We have massively re-worked (and benchmarked) verify_integrity as part
of the HA work (including using a dummy sample of your large DAG
structure provided by Kevin) since the 1.10.4 version, and it is no
longer the bottleneck it once was. From memory this was mostly fixed
around 1.10.12 by improving the queries issued.
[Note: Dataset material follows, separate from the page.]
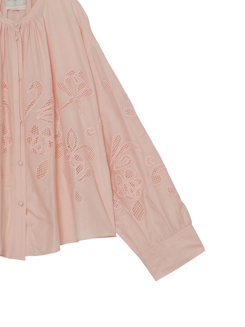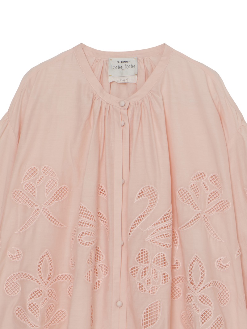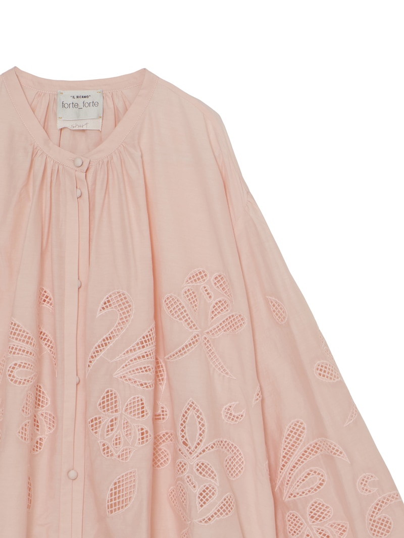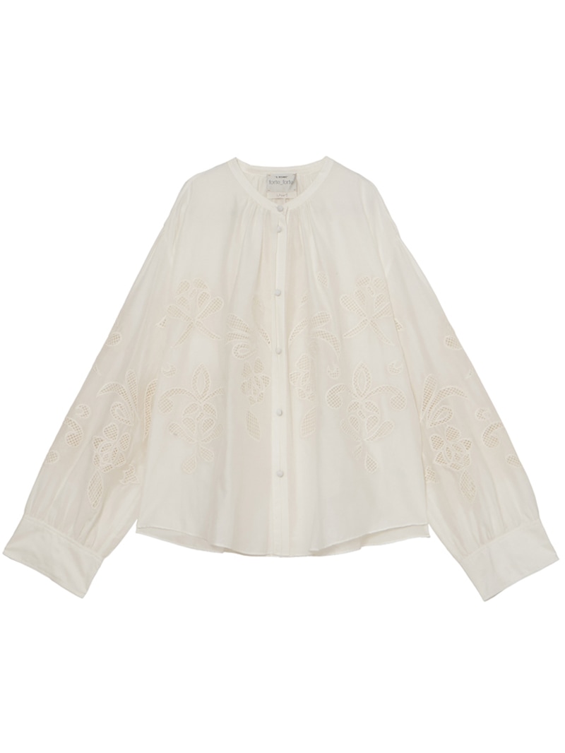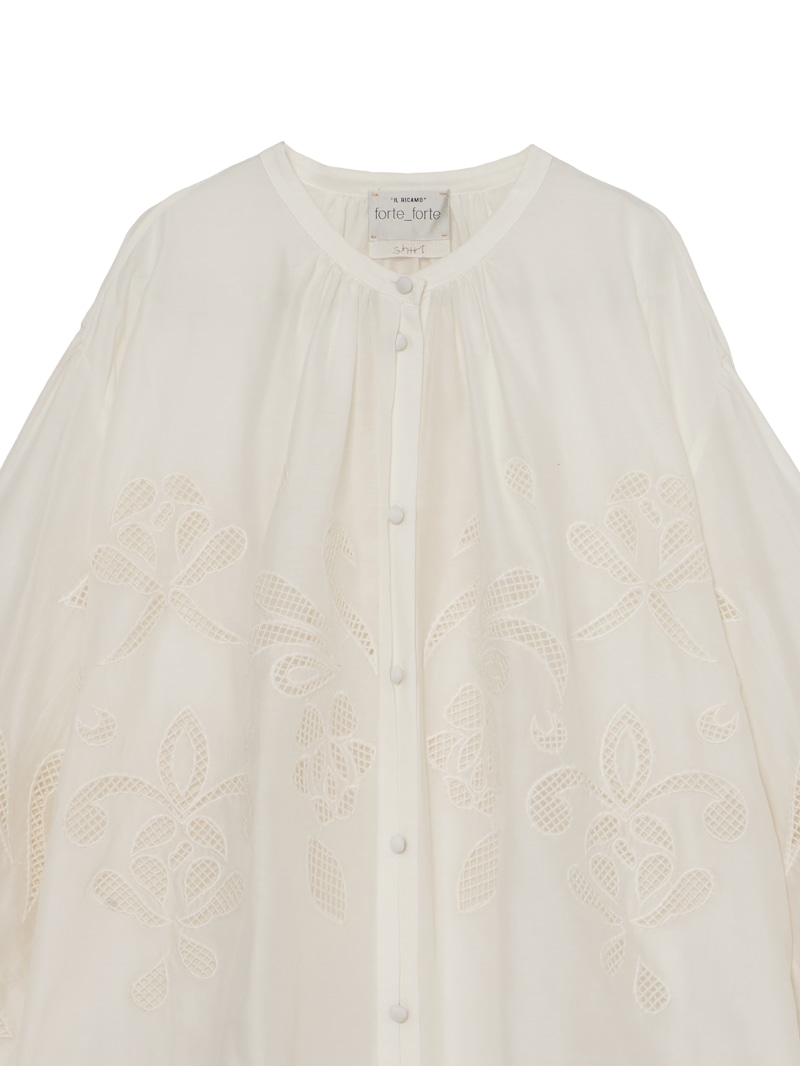 繊細な“lunamaris”刺繍を施した、軽やかなコットンシルクボイル素材のボヘミアンシャツ。貝殻、アイリス、ピオニーのモチーフを、インドの伝統的な白糸刺繍で表現。潮の満ち引きによってそっと姿を現す海の秘密のように、職人によってひと針ずつ紡ぎ出されたオープンワーク刺繍が、ほのかなセンシュアリティを添えます。forte_forteを象徴するルーズシルエット・ギャザーネックのボヘミアンシャツに、詩的なストーリーを秘めたアイテムです。

We have done performance benchmarks of 1000 concurrent dags with 1000
tasks each and verify_integrity barely showed up on the profile.
-ash
On Thu, Dec 16 2021 at 21:40:47 -0800, Ping Zhang <[email protected]>
wrote:
Hi Airflow community,
While reading the airflow latest main branch, I noticed that the dag
run creation including the ti creation in (verify_integrity) was
moved to the scheduling loop (in the _do_scheduling) from the
`DagFileProcessorManager` loop. I would like to learn more about the
context behind this.
Since in your production (Airbnb), we have a metric to show that this
`verify_integrity` is very expensive for new dag runs, it can take
~47 seconds for our large dag (~20K tasks, we have a few dozen of
dags reaching this number) for a single dag run with aws
db.r5.16xlarge. Even though we have optimized it down to ~17 seconds
(We will open source this soon), it is still very expensive.
This will greatly hurt the scheduling performance and lower the
overall throughput for large clusters. Creating dag runs for all
dags_needing_dagruns in the scheduling loop can exacerbate the
scheduling delay even if NUM_DAGS_PER_DAGRUN_QUERY is configurable.
I would like to chat more about this.
Best wishes
Ping Zhang